Dataset items:
──────
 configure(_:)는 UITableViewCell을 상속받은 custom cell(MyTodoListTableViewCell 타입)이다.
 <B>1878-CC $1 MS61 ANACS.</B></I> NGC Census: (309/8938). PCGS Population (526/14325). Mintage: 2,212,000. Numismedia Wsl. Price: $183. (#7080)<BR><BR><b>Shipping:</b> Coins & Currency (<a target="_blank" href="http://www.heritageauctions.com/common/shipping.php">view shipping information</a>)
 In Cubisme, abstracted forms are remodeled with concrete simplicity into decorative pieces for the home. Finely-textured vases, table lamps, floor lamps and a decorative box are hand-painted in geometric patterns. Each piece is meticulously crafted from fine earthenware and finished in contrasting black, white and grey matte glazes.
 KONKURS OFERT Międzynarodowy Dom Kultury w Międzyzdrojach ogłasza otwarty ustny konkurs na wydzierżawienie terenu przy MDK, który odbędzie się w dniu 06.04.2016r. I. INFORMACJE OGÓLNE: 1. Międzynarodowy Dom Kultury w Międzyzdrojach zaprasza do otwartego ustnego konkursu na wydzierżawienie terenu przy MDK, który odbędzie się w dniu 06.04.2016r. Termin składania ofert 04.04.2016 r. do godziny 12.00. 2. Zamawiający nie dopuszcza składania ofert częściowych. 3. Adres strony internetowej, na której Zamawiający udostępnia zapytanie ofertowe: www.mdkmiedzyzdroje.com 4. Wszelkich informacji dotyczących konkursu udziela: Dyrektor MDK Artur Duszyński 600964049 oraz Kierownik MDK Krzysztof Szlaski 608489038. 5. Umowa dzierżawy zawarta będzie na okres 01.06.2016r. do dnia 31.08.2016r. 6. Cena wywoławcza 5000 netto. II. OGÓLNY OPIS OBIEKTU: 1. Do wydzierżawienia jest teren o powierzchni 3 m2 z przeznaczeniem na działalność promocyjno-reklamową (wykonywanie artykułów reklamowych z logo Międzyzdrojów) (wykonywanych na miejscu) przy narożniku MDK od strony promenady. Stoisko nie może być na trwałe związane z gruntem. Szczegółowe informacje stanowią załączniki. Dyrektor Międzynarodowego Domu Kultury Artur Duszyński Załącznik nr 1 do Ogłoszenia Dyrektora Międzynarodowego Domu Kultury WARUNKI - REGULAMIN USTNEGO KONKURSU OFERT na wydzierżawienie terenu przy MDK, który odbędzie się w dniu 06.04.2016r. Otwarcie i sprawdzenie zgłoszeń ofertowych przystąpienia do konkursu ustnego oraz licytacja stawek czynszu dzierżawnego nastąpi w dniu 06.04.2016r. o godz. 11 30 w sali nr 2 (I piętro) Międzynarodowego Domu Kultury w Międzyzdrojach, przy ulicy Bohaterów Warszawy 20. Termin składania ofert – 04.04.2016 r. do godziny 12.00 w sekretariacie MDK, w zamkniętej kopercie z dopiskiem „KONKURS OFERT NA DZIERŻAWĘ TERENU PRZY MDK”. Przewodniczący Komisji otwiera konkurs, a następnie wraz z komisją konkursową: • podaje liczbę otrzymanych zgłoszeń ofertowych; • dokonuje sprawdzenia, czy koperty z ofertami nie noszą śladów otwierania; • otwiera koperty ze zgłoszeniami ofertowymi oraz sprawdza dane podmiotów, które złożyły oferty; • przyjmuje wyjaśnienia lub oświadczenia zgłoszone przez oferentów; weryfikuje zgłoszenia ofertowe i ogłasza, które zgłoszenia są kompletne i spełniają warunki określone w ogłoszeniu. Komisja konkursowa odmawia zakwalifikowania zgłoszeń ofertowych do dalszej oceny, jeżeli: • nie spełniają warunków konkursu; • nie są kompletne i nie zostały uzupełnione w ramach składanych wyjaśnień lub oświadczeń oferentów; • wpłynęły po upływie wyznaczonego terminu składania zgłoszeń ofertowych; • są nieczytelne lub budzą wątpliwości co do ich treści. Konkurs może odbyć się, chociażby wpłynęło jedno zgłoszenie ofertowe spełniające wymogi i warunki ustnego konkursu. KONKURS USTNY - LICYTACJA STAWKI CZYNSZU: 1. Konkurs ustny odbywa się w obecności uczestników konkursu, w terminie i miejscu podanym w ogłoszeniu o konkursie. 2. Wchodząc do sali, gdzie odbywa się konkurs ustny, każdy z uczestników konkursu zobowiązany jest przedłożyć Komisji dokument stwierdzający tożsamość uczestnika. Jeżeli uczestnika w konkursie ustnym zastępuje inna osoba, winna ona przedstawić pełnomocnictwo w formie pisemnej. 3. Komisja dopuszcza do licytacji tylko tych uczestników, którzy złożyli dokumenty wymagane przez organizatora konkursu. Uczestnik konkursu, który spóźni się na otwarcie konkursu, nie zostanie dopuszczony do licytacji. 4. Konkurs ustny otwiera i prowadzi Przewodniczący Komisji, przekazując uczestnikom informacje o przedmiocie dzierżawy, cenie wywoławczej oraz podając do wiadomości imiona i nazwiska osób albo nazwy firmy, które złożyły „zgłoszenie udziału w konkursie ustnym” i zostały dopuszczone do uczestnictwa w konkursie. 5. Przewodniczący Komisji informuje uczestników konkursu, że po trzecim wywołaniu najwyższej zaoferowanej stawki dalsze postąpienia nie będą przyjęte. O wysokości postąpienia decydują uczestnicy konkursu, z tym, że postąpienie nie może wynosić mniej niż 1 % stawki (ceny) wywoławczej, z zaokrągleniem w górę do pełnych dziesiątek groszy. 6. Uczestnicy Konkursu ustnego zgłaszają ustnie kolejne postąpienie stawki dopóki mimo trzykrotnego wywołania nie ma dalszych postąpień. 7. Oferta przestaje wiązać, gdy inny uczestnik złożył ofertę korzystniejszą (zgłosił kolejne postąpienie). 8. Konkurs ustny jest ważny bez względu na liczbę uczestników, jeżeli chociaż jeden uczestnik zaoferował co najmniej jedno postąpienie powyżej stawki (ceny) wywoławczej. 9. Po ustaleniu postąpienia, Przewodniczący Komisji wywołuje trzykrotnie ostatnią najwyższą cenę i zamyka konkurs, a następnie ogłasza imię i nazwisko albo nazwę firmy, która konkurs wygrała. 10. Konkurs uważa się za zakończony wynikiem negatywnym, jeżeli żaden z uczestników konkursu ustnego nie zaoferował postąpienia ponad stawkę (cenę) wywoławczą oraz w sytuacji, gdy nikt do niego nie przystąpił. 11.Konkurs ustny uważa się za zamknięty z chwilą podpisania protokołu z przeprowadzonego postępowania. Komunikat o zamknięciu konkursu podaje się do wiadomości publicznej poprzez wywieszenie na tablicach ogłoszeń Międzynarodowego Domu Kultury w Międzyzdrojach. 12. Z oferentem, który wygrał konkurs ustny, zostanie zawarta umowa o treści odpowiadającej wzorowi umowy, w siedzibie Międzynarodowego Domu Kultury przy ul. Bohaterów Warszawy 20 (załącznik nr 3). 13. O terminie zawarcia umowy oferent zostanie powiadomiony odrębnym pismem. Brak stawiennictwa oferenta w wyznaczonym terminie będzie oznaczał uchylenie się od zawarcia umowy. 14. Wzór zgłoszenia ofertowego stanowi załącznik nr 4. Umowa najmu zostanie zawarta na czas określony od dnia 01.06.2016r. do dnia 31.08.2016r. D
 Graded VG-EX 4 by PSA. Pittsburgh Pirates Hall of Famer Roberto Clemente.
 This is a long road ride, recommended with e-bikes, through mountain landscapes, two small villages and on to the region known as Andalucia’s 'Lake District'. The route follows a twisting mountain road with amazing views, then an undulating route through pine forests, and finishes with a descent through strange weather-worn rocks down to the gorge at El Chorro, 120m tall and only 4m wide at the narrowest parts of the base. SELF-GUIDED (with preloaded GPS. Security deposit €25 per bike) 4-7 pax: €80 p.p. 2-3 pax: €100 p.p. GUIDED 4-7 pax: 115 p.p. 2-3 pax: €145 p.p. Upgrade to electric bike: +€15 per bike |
──────
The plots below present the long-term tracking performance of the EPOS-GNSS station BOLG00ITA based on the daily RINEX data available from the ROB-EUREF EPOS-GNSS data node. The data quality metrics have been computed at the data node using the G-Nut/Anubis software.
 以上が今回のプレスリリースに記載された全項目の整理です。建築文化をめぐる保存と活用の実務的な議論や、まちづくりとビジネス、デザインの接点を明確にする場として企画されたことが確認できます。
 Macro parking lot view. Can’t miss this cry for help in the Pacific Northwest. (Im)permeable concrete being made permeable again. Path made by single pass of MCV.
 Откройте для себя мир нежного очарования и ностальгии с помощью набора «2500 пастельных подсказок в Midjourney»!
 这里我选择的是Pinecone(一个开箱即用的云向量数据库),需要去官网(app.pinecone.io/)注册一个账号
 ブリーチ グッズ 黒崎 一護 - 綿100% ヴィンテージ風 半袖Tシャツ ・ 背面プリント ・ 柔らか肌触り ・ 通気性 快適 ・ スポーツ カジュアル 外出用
──────
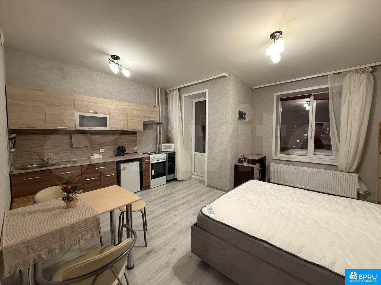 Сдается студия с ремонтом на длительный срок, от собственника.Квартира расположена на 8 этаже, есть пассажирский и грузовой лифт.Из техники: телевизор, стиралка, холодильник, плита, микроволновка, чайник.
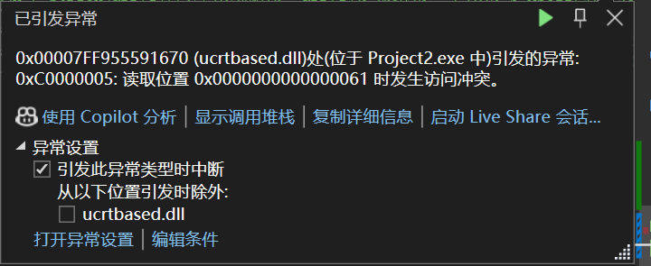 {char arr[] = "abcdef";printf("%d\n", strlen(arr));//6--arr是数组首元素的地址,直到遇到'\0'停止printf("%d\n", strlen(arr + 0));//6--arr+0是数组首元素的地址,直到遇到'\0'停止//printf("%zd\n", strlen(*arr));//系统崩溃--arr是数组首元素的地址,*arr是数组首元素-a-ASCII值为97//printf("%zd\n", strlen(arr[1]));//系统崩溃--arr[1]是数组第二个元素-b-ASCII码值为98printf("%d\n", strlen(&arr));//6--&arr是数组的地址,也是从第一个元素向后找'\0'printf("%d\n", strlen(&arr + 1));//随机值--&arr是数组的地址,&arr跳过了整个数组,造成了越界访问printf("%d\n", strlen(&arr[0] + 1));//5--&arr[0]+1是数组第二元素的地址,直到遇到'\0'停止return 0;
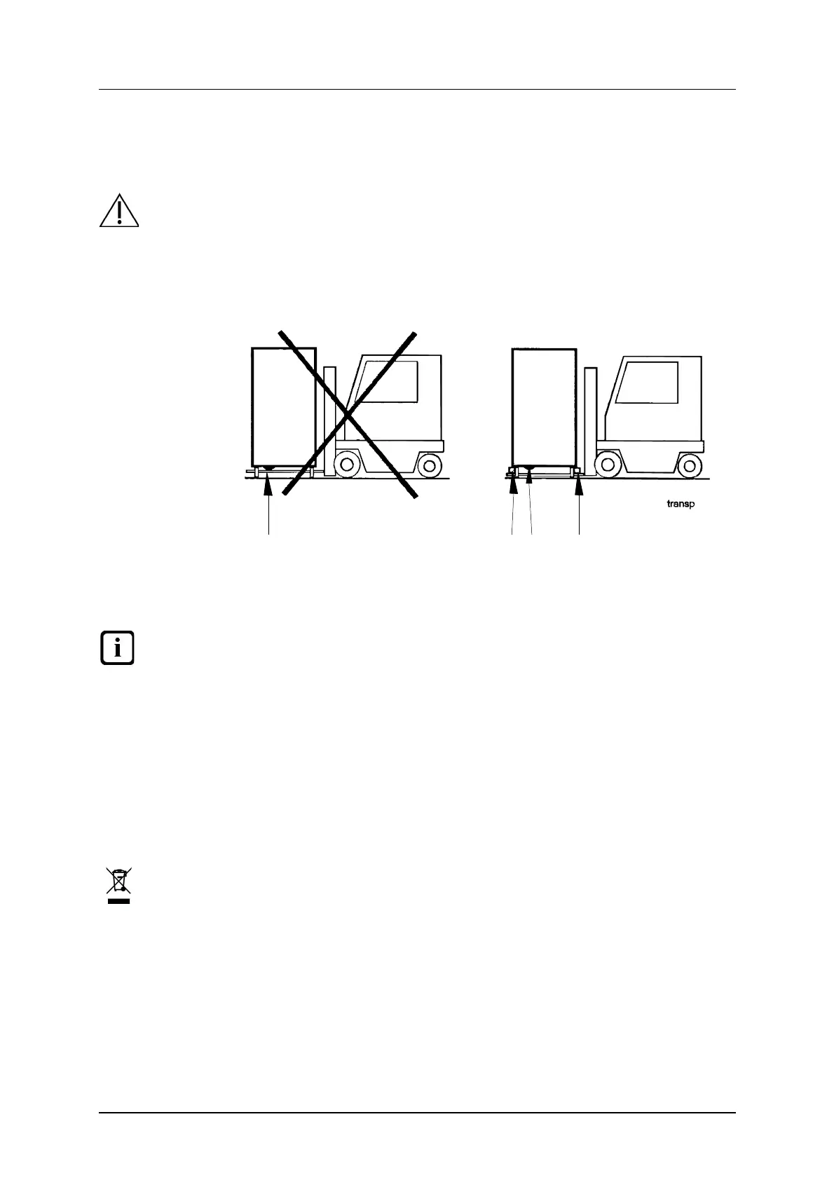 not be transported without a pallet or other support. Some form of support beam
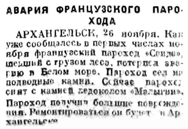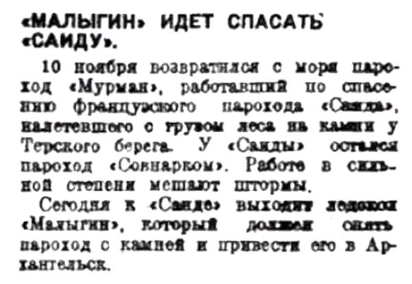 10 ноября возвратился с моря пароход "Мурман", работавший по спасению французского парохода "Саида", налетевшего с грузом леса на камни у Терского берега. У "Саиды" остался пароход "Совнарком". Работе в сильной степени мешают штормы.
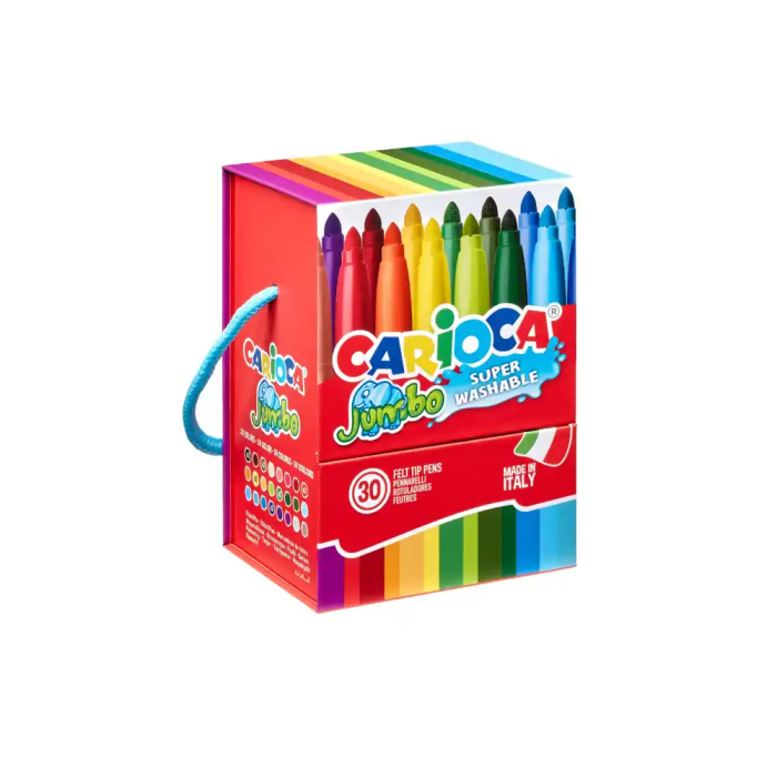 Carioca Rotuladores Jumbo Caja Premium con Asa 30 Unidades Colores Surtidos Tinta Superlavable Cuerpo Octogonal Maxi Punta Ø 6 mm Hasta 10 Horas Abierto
──────
# Required action:
The lines above, starting at the one with "configure(_:)는 UITableViewCell을 상속받은" and ending at the one with "In Cubisme, abstracted", are the only ones to return, exactly as written.

# Output for this task:
 configure(_:)는 UITableViewCell을 상속받은 custom cell(MyTodoListTableViewCell 타입)이다.
 <B>1878-CC $1 MS61 ANACS.</B></I> NGC Census: (309/8938). PCGS Population (526/14325). Mintage: 2,212,000. Numismedia Wsl. Price: $183. (#7080)<BR><BR><b>Shipping:</b> Coins & Currency (<a target="_blank" href="http://www.heritageauctions.com/common/shipping.php">view shipping information</a>)
 In Cubisme, abstracted forms are remodeled with concrete simplicity into decorative pieces for the home. Finely-textured vases, table lamps, floor lamps and a decorative box are hand-painted in geometric patterns. Each piece is meticulously crafted from fine earthenware and finished in contrasting black, white and grey matte glazes.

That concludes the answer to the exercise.